In response to the coronavirus pandemic, the CECC was activated on 20 January 2020. The Executive Yuan approved the deactivation of the CECC in response to COVID-19 effective 1 May 2023.

=== Coordinating the response to COVID-19 ===

The CECC has the authority to coordinate work across government departments and enlist additional personnel during an emergency. The CECC has coordinated government response measures across areas including logistics for citizens on the Diamond Princess, disinfection of public spaces around schools, and daily briefings from Minister of Health Chen Shih-chung, which are regularly aired on large news channels in Taiwan. Originally established as a level 3 government entity, the CECC was promoted to level 1 on 28 February 2020.

In January, Taiwan closed its borders to all residents of Wuhan amid concerns that the country was not receiving timely updates, because it was excluded from the World Health Organization (WHO).

=== Activities of the CECC ===

The agency has sent warning text messages target to mobile phones in specific areas, urging people to practice social distancing, especially by avoiding crowded scenic areas.

On 18 March, the CECC raised its travel notice for the United States, Canada, Australia, and New Zealand and advised against all nonessential travel to these countries. It also announced that certain exempted foreign nationals must observe a 14-day home quarantine upon arrival from overseas.

On 25 March, even as Taiwan saw zero new confirmed cases on that day, the CECC announced recommendations that indoor events which would be attended by more than 100 people should be suspended, while outdoor gatherings of more than 500 people should also do so.

===Taiwan's response===

Taiwan's response has been praised in JAMA, the journal of the American Medical Association. According to JAMA, Taiwan should have seen the second-largest outbreak of COVID-19 in the world, but has instead effectively eliminated community transmission. Taiwan has done this without ordering people to stay home or shutting down schools, restaurants, shops and other businesses. As a result, Taiwan's economy is not suffering the same economic damage as countries under lockdown.
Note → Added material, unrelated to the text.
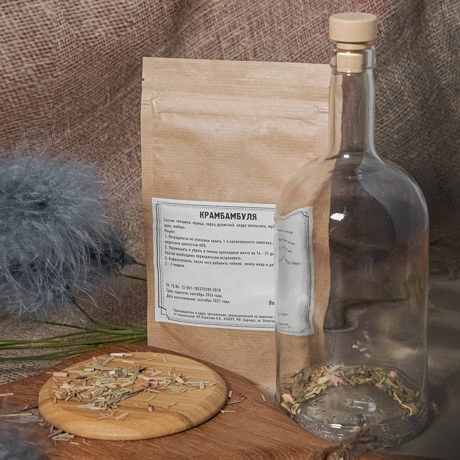 Сам Себе Сомелье - коллекция сборов трав и специй для приготовления уникальных напитков. Набор для приготовления 1 литра «Крамбамбули». В состав набора входят: - набор трав и специй " Крамбамбуля" (гвоздика, корица, перец душистый, цедра апельсина, мускатный орех, имбирь.), - бутылка 1 л, - пробка Т-образная, - стружка бумажная, - коробка подарочная арт. 34930, размер 30 х 25 х 15 см Настойка появилась в 18 веке в Великом княжестве Литовском на территории современной Беларуси. Считалась напитком знати, поскольку в то время завезенные с Индии специи были очень дорогими. Название «крамбамбуля» этот напиток получил от немецкого ликёра «Крамбамбули». Название немецкого ликёра стало нарицательным: на сленге европейских студентов словом «krambambuli» обозначались различные крепкие спиртные напитки. В немалой степени популярность этого слова была связана с одноименной студенческой песней, первоначальный вариант которой был создан в 1745 году. У напитка с такой веселой историей пряный слегка сладкий вкус.Крамбамбуля легко пьется и хорошо согревает в холодную погоду. Можно сказать, что это белорусский аналог глинтвейна или грога, хотя зачастую подается холодным. Хочешь сделать хорошо? Сделай это сам! Рецепт приготовления указан на упаковке. ВНИМАНИЕ Набор поставляется в разобранном виде в количестве кратном шести.

== Downgrade of COVID-19 and disbanding of the CECC ==
Taiwan officially reclassified COVID-19 to a downgraded non epidemic status on 1 May 2023 and disbanded the CECC (some sources state this occurred the day before) after nearly 1,200 days. This act transferred it back to regular public health bodies. The CECC before being disbanded stated that masks would be required in medical facilities until May 30 and that they expected that tests would continue to be sold.